No, the Life Q20 doesn’t sound as good as premium models such as the Sony WH-1000XM3, but it sounds pretty good, which is all you can ask for at this price. It’s fairly well balanced with a reasonable amount of clarity and plump bass that’s not bloated or muddy (there’s a bass boost or BassUp mode if you want an extra helping of bass). It’s also comfortable to wear, the noise-canceling function is acceptable, it’s solid as a headset for making calls and battery life is good at 40 hours. A simple carrying pouch is included.
Water-resistant: Yes (IPX4 rating — splashproof).
Anker is known more for its value headphones, but it’s trying to step into more premium territory with its Soundcore Liberty 2 Pro earbuds, which carry a list price of $150. From a design standpoint, they share some similarities with Sony’s WF-1000XM3, although this model doesn’t have active noise cancellation. Anker says the earbuds have large 11mm drivers combined with Knowles Balanced Armature, with up to 8 hours of battery life on a single charge (32 total hours of playtime with the case) and noise-cancellation microphones to help reduce ambient sound so callers can hear you better. They charge via USB-C and also support wireless charging.
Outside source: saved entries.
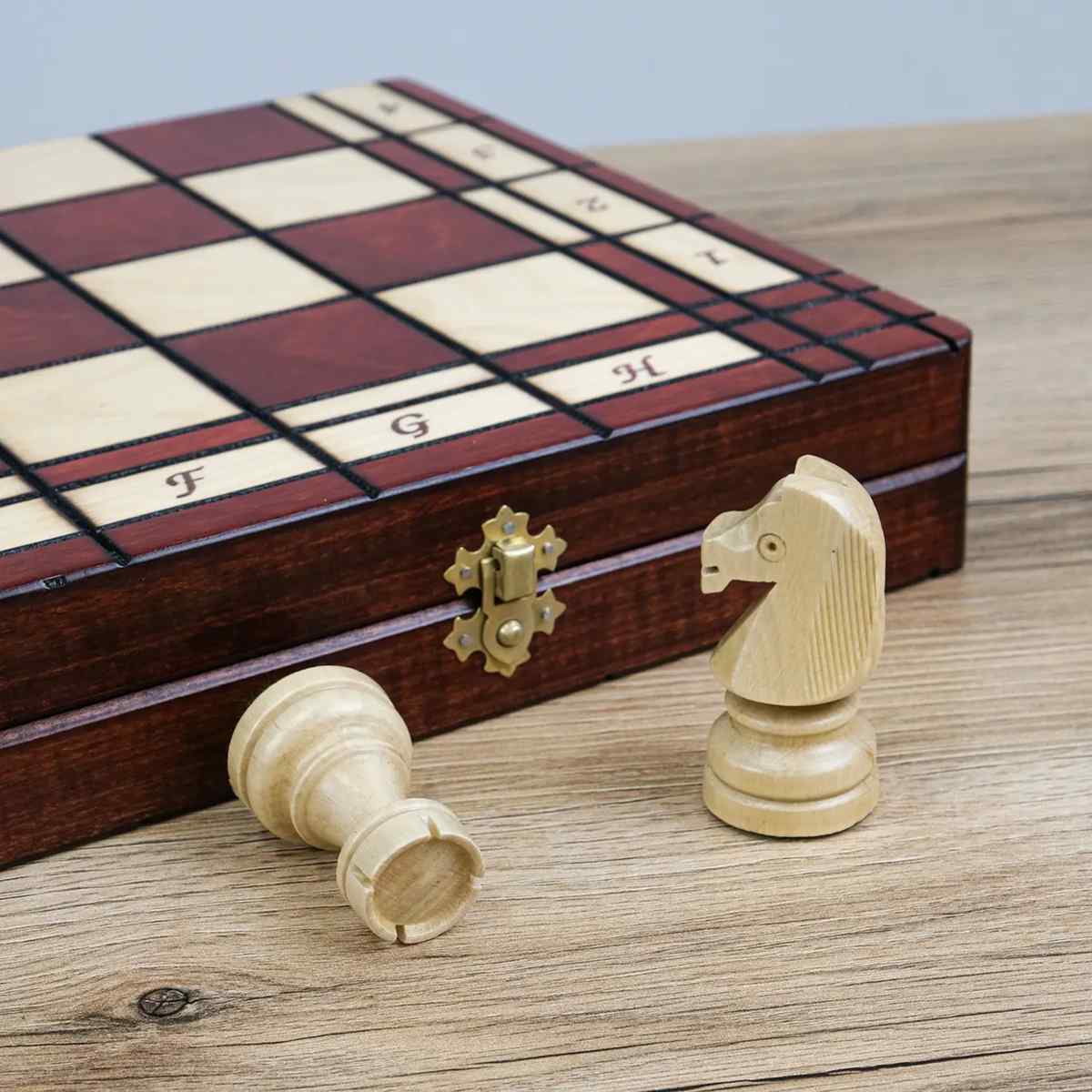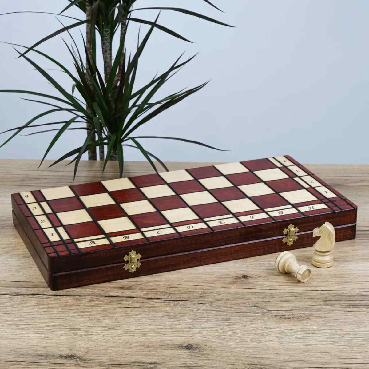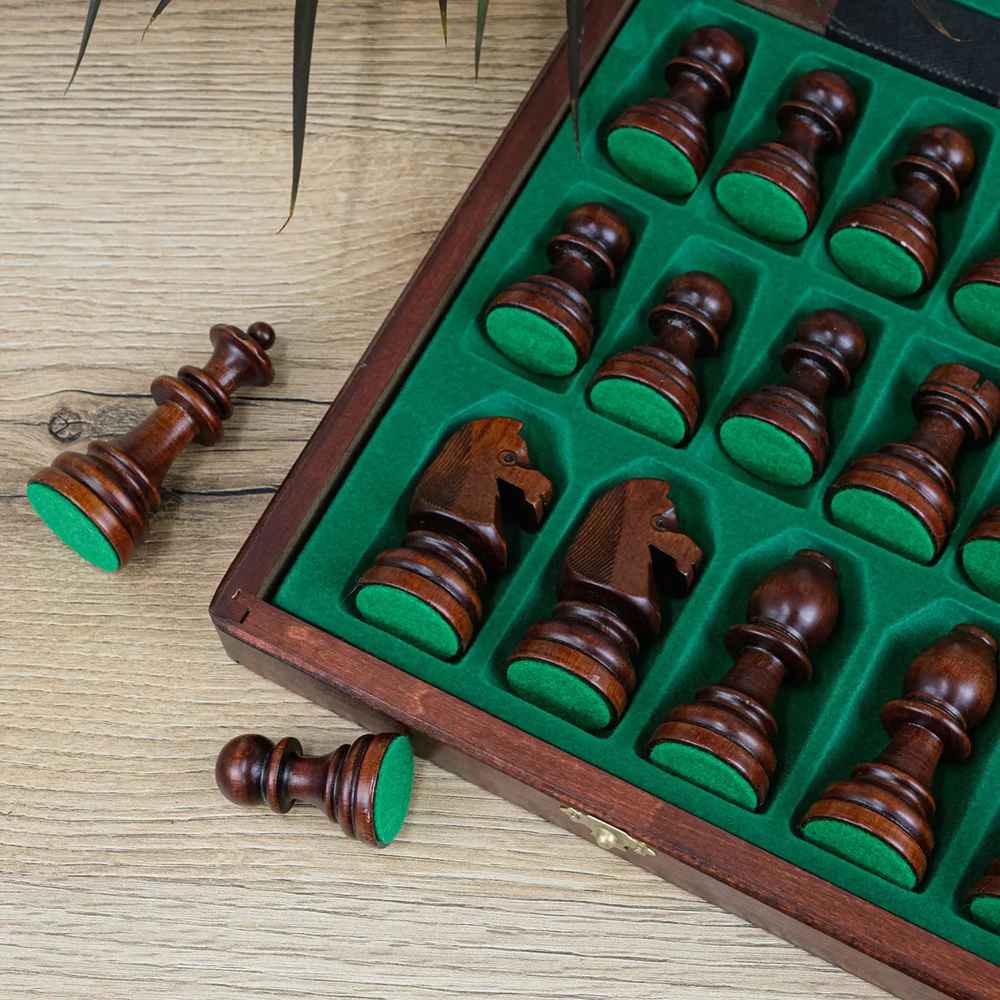 Доска и фигуры изготовлены из натурального дерева. Внутри предусмотрены специальные ячейки, где фигуры удобно размещаются и аккуратно хранятся.
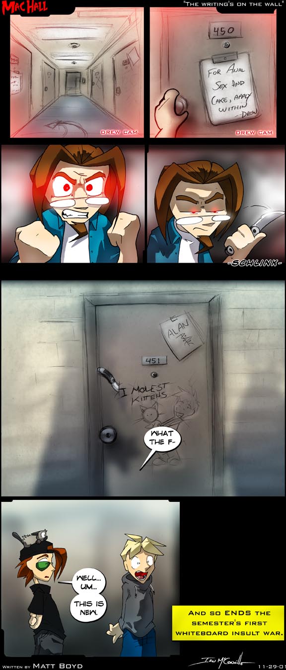 [[Still in Drew Cam, door number 450 is approached, there is a sign]]
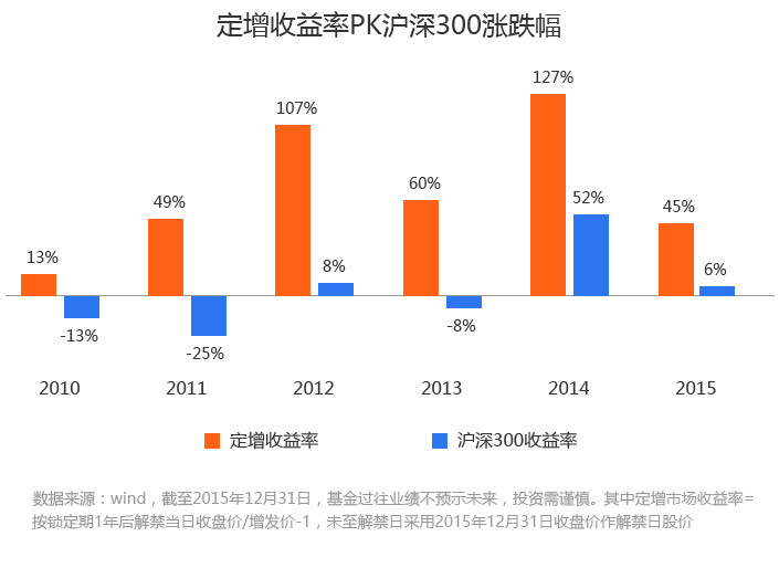2010年以来,定增项目每一年的收益率均在10%以上,远超同期沪深300指数。无论是在2010-2013年市场震荡期间,还是在2014-2015年的牛市,都能给投资者带来不错的回报。

They don’t sound quite as good as the Sony WF-1000XM3, but they certainly sound like premium true wireless earphones, with rich sound that includes powerful bass performance and lots of detail. Some people may have some quibbles over the fit — I had to supply my own XL tips to get a tight seal and found the Anker’s Soundcore Liberty Air 2 a little more comfortable — but the Soundcore Liberty 2 Pro are a good value. Whether you want to use them as travel headphones or workout headphones, they’ll do the job. They’re also good for making calls (they do a good job reducing background sound).
They use Bluetooth 5.0 with support for AAC and aptX.